Die Tage bis zur Bestattung vergingen langsam. Marie hatte mit der Hilfe von Michel alle Angelegenheiten von Karim geregelt. Dafür waren sie noch auf verschiedenen Ämtern gewesen. Bei der Polizei hatten sie erfahren, dass das Gutachten zum Absturz noch in Arbeit war, aber so, wie es aussah, hatte sich tatsächlich durch eine Materialschwäche einer der Rotorflügel gelöst und dadurch war der Helikopter nicht mehr steuerbar gewesen. Selbst durch noch so umsichtige Manöver hätte Karim die Maschine nicht halten oder landen können.

Sie hatten keine Chance gehabt.

Marie war froh, dass ihr Karim keine Fehler gemacht hatte.
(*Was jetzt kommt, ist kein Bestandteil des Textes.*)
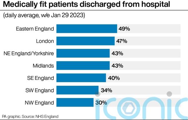 A total of 41% of patients ready to leave hospital last week were actually discharged, though there were wide variations across the regions, with 49% discharged in eastern England and only 30% in north-west England.

Das wäre für sie noch viel schlimmer gewesen. Es gab ja oft Unglücke, wo menschliches Versagen die Ursache war. Manchmal konnte keine Ursache gefunden werden und man gab im Nachhinein dem Piloten die Schuld.
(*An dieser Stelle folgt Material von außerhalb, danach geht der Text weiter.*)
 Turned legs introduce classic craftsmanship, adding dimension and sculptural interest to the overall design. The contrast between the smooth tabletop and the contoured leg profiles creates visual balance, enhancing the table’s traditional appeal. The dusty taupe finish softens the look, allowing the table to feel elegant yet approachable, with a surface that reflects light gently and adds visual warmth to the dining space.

Am Donnerstag kam Dr. Froehdes aus dem Büro, wo er telefoniert hatte. Bea hatte ihn davon unterrichtet, dass sie am kommenden Donnerstag einen Termin beim Nachlassgericht in Berlin hatten und dass Katja dort erscheinen musste. Er berichtete beim Mittagessen davon.

Michel schlug vor: „Dann buche ich für uns drei einen Rückflug am Mittwoch. Ist das für dich in Ordnung?“

Katja schluckte und legte die Gabel aus der Hand.

„Am liebsten würde ich hier bleiben, aber das geht wohl nicht. Also, dann mach das mit dem Flug. Kann ich die Tage bei euch bleiben?“

„Aber ja!“, rief Cora. „Du kannst bleiben, solange du magst. Das weißt du doch und es können ja auch Bea und Hannes kommen. Wir sind für dich da. Für immer.“

Mit Tränen in den Augen erhob sich Katja vom Tisch und setzte sich auf die Terrasse. Dort saß sie nun jeden Tag und hing ihren Erinnerungen nach. Oft weinte sie dabei. Cora und Michel kümmerten sich rührend. Auch um Marie, aber die lenkte sich mit den banalen Alltagsdingen ab. Mit Einkaufen, Besuchen in der Firma und Putzen fand sie ihren eigenen Weg zurück ins normale Leben, auch wenn es nie wieder so normal sein würde, wie es einmal gewesen war.